Data supplied:
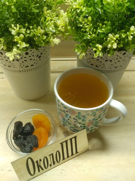 Легкий перекус состоял из смеси сухофруктов — кураги и чернослива (25 г), которые я также запила зеленым чаем.
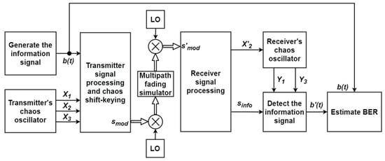 First, the data signal b(t) is created, and the chaos signals of the transmitter’s chaos oscillator are acquired. Then the next step applies chaos shift keying using the b(t) and corresponding chaos signals: phase manipulation of X1 in the case of QCPSK and chaos shift keying between X1 and X3 in the case of FM-CSK. The signals are then used for the transmitter signal processing and modulation following their modulation schemes in Figure 1 and Figure 2. The carrier frequency is shifted to the intermediate frequency (IF) of 140 MHz to ensure consistency of the fading simulator input signals for both systems, which is designated by multiplication with the local oscillator (LO) signal in Figure 6. For this study, the two LOs are synchronous, so the carrier recovery is unnecessary in the receiver. The AWGN of the set signal-to-noise ratio (SNR) is applied to the signals before demodulation in the receiver. The received and processed synchronization signal X′2 is then passed to the receiver’s chaos oscillator, and the chaos signals of the oscillator are acquired. The signals are then used to detect the information signal b′(t), following the schemes in Figure 1 and Figure 2. Finally, the bit error rate (BER) is estimated for several SNR levels of the noise signals and different parameters of the noise channel.
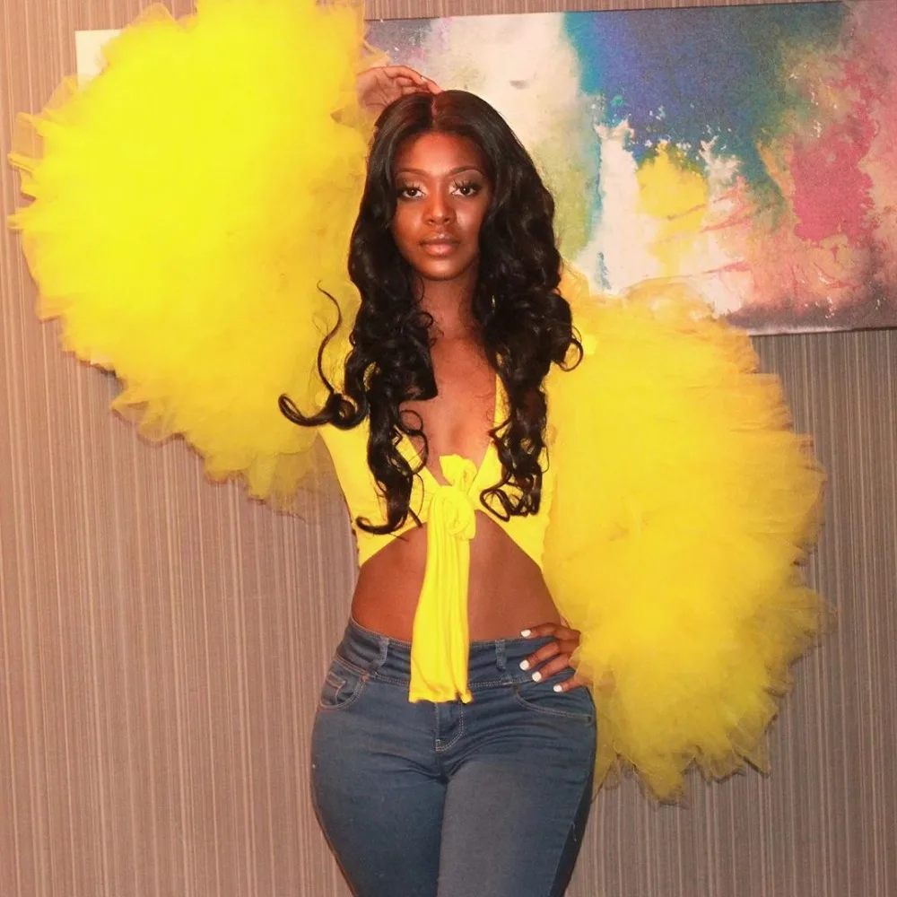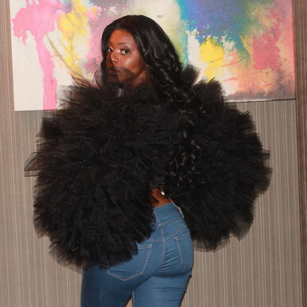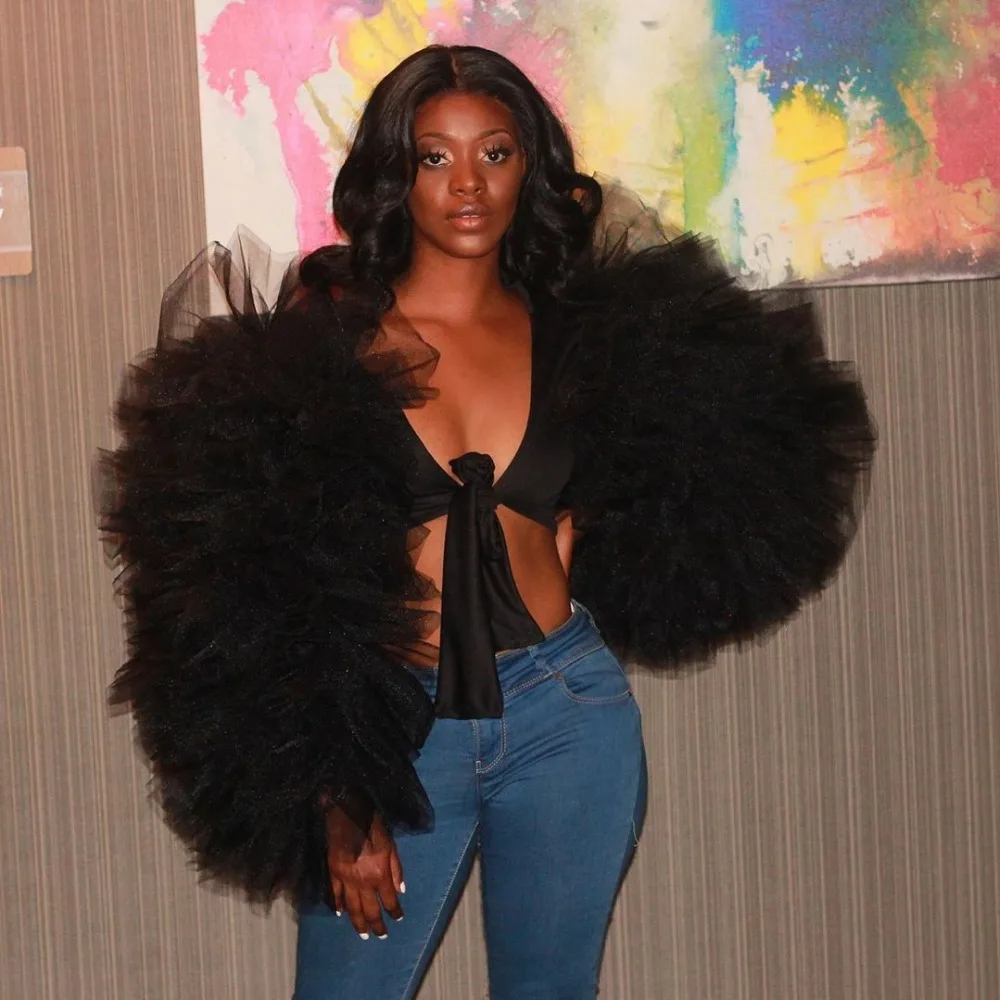 Женский короткий топ из тюля, с длинным рукавом, на заказ
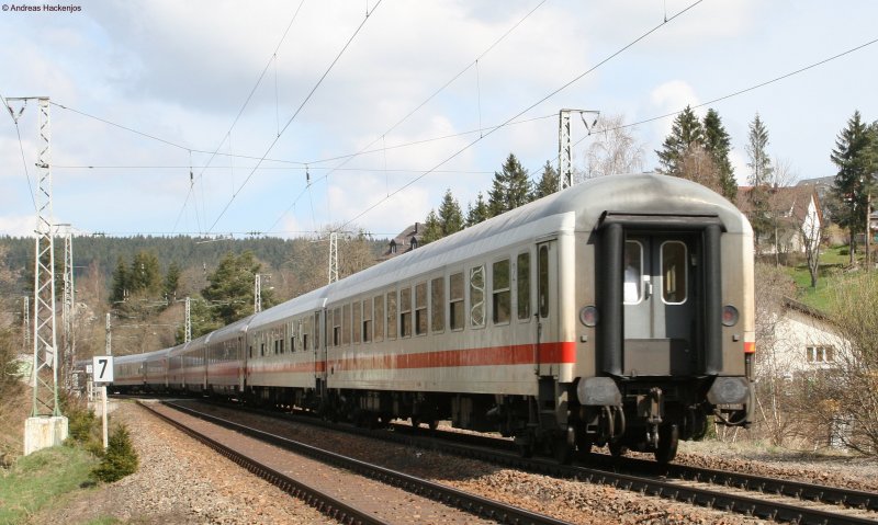 Nachschuss:101 100-6 mit dem IC 2006 (Konstanz-Dortmund) am km 69,1 26.4.08. Früher war der Zug komplett aus einer Inter GEio GAnritur gebildet heute sind nur die 2 letzen Wagen ex Interegio Wagen
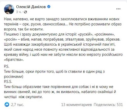Как сообщил в своем Facebook секретарь СНБО Алексей Данилов, использование названий вроде "орк", "русня" и "сви*особака" размывает образ врага.
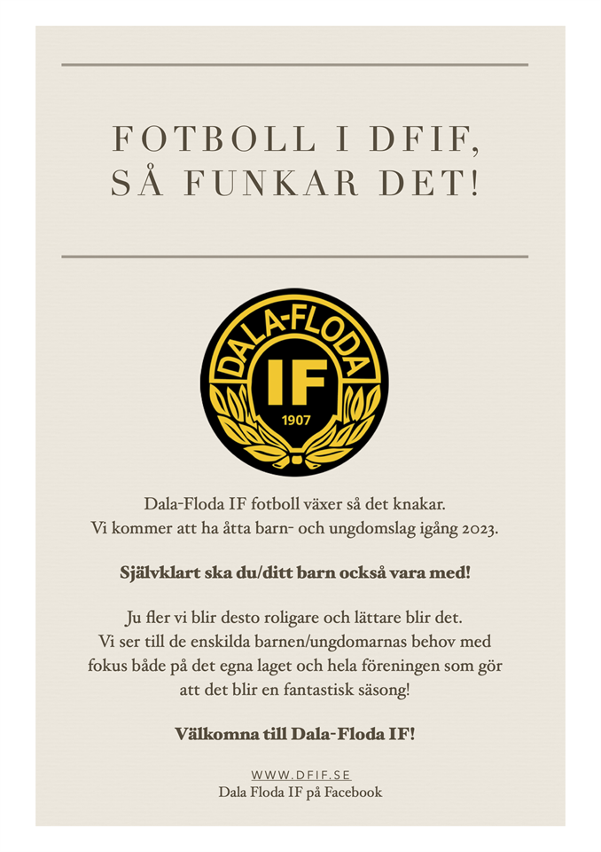 Glad påsk från barn och ungdomsledarna i DFIF! Här kommer lite nyheter Innebandyn avslutas 29/4. Missa inte prova på inför kommande säsong för barn födda 2017-2019. Måndag 15/4 och mån 22/4 klockan 17:00-17:45. Syrholns gymnastiksal. Kontakt: David Levrén. Fotbollen fortsätter växa och kommer med nyheter: - ålderskravet på gåfotbollen förvinner. Nu gäller bara en enkel (?) regel. Gå… inte springa. Klipp från premiären på Flodavallen - vi ska försöka få igång ett rent tjejlag födda runt 2014 - 2015, preppa era barn för uppstarten i maj - vi står och faller med att vi lyckas rekrytera ledare. Framför allt i de yngsta grupperna. Hör av er ni med barn födda runt 2018 – 2020. Prata ihop er, kontakta Pontus Gruhs 070-624 44 50, Marcus Homman 073-925 94 42 eller Jennie Nises: 073-774 75 44 Även för de lite äldre finns behov av ytterligare ledare. Vi planerar en utbildning i vår för alla gamla och nya ledare så passa på. Kontakt: Tjejer född 09–11: Kajsa Eljas, Olle Holman, Roger Homman Killar födda 10–11: Pontus Norman, Linda Skoglund Tjejer födda 12–13: Karin Levrén, Emil Larsén, Calle Ström Killar födda 12–14: Daniel Bergström, Lars Permats Tjejer födda 14–15: Pontus Gruhs, Marcus Homman, Elin Erkers Killar födda 15–16: Emma Enmalm, Pontus Gruhs Tjejer & killar 16–17: Petra Bergström, Emil Håsteen Tjejer & killar 18–19: Vakant Tjejer & killar 19–20: Vakant Fotbollslek: ca 19–20: Jennie Nises + vakant Gåfotboll: kontakt Leif Ragge Olsson, Kjell Eriksson & Kaj Bergström Glad påsk! Dala-Floda IFs Youtubekanal www.dfif.se

Your instructions:
Where an entry holds a picture, leave the picture out and output the rest exactly.

The completed task:
 Легкий перекус состоял из смеси сухофруктов — кураги и чернослива (25 г), которые я также запила зеленым чаем.
 First, the data signal b(t) is created, and the chaos signals of the transmitter’s chaos oscillator are acquired. Then the next step applies chaos shift keying using the b(t) and corresponding chaos signals: phase manipulation of X1 in the case of QCPSK and chaos shift keying between X1 and X3 in the case of FM-CSK. The signals are then used for the transmitter signal processing and modulation following their modulation schemes in Figure 1 and Figure 2. The carrier frequency is shifted to the intermediate frequency (IF) of 140 MHz to ensure consistency of the fading simulator input signals for both systems, which is designated by multiplication with the local oscillator (LO) signal in Figure 6. For this study, the two LOs are synchronous, so the carrier recovery is unnecessary in the receiver. The AWGN of the set signal-to-noise ratio (SNR) is applied to the signals before demodulation in the receiver. The received and processed synchronization signal X′2 is then passed to the receiver’s chaos oscillator, and the chaos signals of the oscillator are acquired. The signals are then used to detect the information signal b′(t), following the schemes in Figure 1 and Figure 2. Finally, the bit error rate (BER) is estimated for several SNR levels of the noise signals and different parameters of the noise channel.
 Женский короткий топ из тюля, с длинным рукавом, на заказ
 Nachschuss:101 100-6 mit dem IC 2006 (Konstanz-Dortmund) am km 69,1 26.4.08. Früher war der Zug komplett aus einer Inter GEio GAnritur gebildet heute sind nur die 2 letzen Wagen ex Interegio Wagen
Как сообщил в своем Facebook секретарь СНБО Алексей Данилов, использование названий вроде "орк", "русня" и "сви*особака" размывает образ врага.
 Glad påsk från barn och ungdomsledarna i DFIF! Här kommer lite nyheter Innebandyn avslutas 29/4. Missa inte prova på inför kommande säsong för barn födda 2017-2019. Måndag 15/4 och mån 22/4 klockan 17:00-17:45. Syrholns gymnastiksal. Kontakt: David Levrén. Fotbollen fortsätter växa och kommer med nyheter: - ålderskravet på gåfotbollen förvinner. Nu gäller bara en enkel (?) regel. Gå… inte springa. Klipp från premiären på Flodavallen - vi ska försöka få igång ett rent tjejlag födda runt 2014 - 2015, preppa era barn för uppstarten i maj - vi står och faller med att vi lyckas rekrytera ledare. Framför allt i de yngsta grupperna. Hör av er ni med barn födda runt 2018 – 2020. Prata ihop er, kontakta Pontus Gruhs 070-624 44 50, Marcus Homman 073-925 94 42 eller Jennie Nises: 073-774 75 44 Även för de lite äldre finns behov av ytterligare ledare. Vi planerar en utbildning i vår för alla gamla och nya ledare så passa på. Kontakt: Tjejer född 09–11: Kajsa Eljas, Olle Holman, Roger Homman Killar födda 10–11: Pontus Norman, Linda Skoglund Tjejer födda 12–13: Karin Levrén, Emil Larsén, Calle Ström Killar födda 12–14: Daniel Bergström, Lars Permats Tjejer födda 14–15: Pontus Gruhs, Marcus Homman, Elin Erkers Killar födda 15–16: Emma Enmalm, Pontus Gruhs Tjejer & killar 16–17: Petra Bergström, Emil Håsteen Tjejer & killar 18–19: Vakant Tjejer & killar 19–20: Vakant Fotbollslek: ca 19–20: Jennie Nises + vakant Gåfotboll: kontakt Leif Ragge Olsson, Kjell Eriksson & Kaj Bergström Glad påsk! Dala-Floda IFs Youtubekanal www.dfif.se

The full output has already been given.